● Work task
Taking the line that contains "Ravissant brise-bise empli" as the start and the last line of the data as the end, repeat exactly every line in that span, but no pictures.

════════

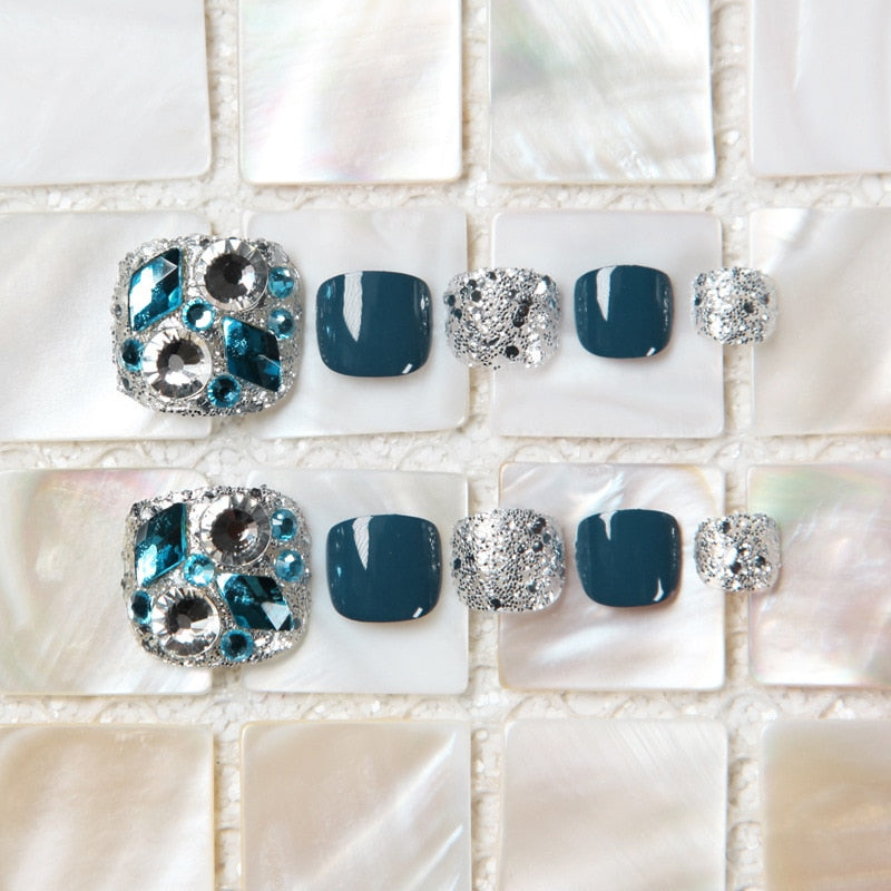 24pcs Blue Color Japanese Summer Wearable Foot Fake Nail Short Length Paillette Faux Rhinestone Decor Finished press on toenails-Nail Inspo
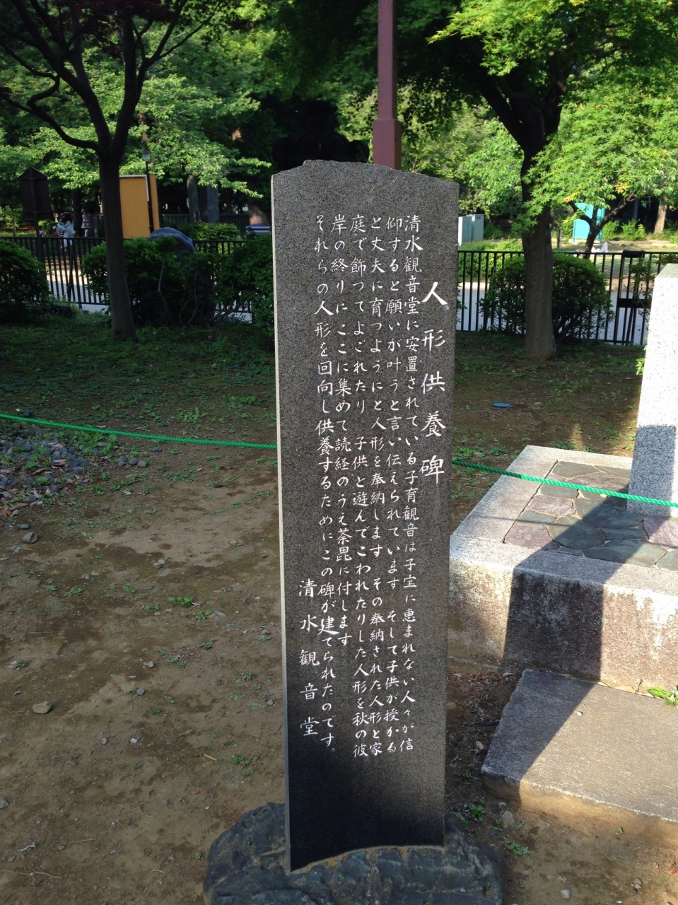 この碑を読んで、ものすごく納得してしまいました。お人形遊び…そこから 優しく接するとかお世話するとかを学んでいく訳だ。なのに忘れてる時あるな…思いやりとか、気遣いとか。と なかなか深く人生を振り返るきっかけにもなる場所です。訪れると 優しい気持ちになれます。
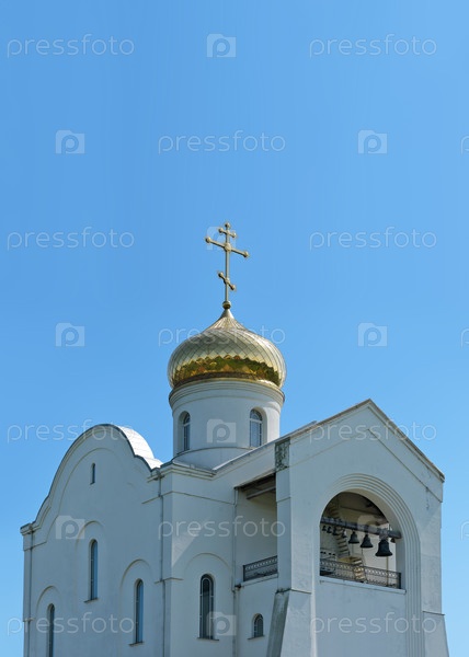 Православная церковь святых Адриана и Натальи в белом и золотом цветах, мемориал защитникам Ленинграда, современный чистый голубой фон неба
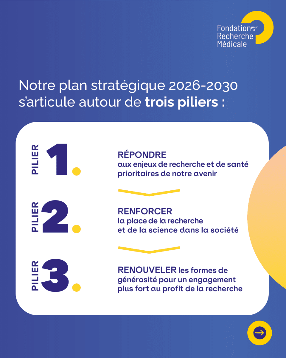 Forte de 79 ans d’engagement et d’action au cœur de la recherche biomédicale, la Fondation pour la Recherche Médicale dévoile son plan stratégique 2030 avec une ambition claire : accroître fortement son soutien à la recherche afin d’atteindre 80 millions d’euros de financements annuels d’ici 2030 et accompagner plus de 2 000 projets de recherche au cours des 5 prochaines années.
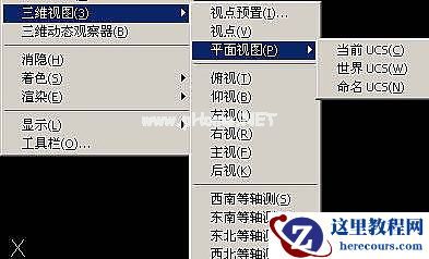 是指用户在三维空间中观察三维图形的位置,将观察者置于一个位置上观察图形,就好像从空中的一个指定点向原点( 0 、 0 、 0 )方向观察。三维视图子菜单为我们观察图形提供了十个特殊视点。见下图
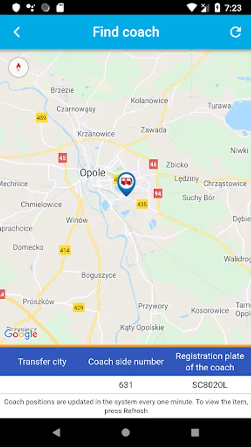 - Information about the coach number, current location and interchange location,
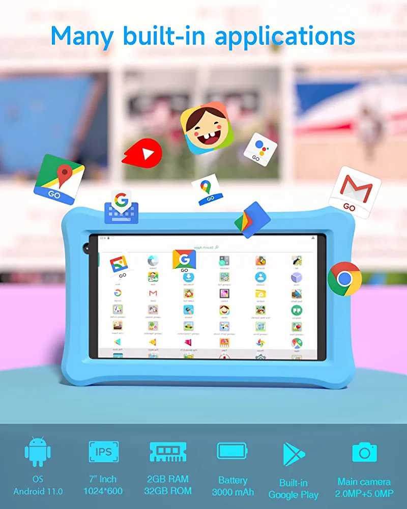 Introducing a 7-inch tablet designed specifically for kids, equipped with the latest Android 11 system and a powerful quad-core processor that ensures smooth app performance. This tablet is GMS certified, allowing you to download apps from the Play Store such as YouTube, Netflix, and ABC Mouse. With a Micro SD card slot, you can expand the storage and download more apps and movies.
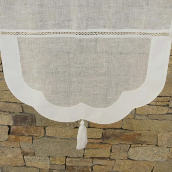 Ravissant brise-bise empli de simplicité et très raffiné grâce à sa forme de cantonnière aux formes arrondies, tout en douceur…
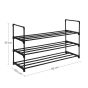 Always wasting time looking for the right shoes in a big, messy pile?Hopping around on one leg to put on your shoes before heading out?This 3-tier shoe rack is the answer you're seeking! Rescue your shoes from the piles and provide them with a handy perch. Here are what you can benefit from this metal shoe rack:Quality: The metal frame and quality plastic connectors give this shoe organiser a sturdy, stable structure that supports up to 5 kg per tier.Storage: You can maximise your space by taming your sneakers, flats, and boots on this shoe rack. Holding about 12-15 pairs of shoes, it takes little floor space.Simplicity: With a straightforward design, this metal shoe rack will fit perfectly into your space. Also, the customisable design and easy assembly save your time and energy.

════════

● Exercise result
 Ravissant brise-bise empli de simplicité et très raffiné grâce à sa forme de cantonnière aux formes arrondies, tout en douceur…
 Always wasting time looking for the right shoes in a big, messy pile?Hopping around on one leg to put on your shoes before heading out?This 3-tier shoe rack is the answer you're seeking! Rescue your shoes from the piles and provide them with a handy perch. Here are what you can benefit from this metal shoe rack:Quality: The metal frame and quality plastic connectors give this shoe organiser a sturdy, stable structure that supports up to 5 kg per tier.Storage: You can maximise your space by taming your sneakers, flats, and boots on this shoe rack. Holding about 12-15 pairs of shoes, it takes little floor space.Simplicity: With a straightforward design, this metal shoe rack will fit perfectly into your space. Also, the customisable design and easy assembly save your time and energy.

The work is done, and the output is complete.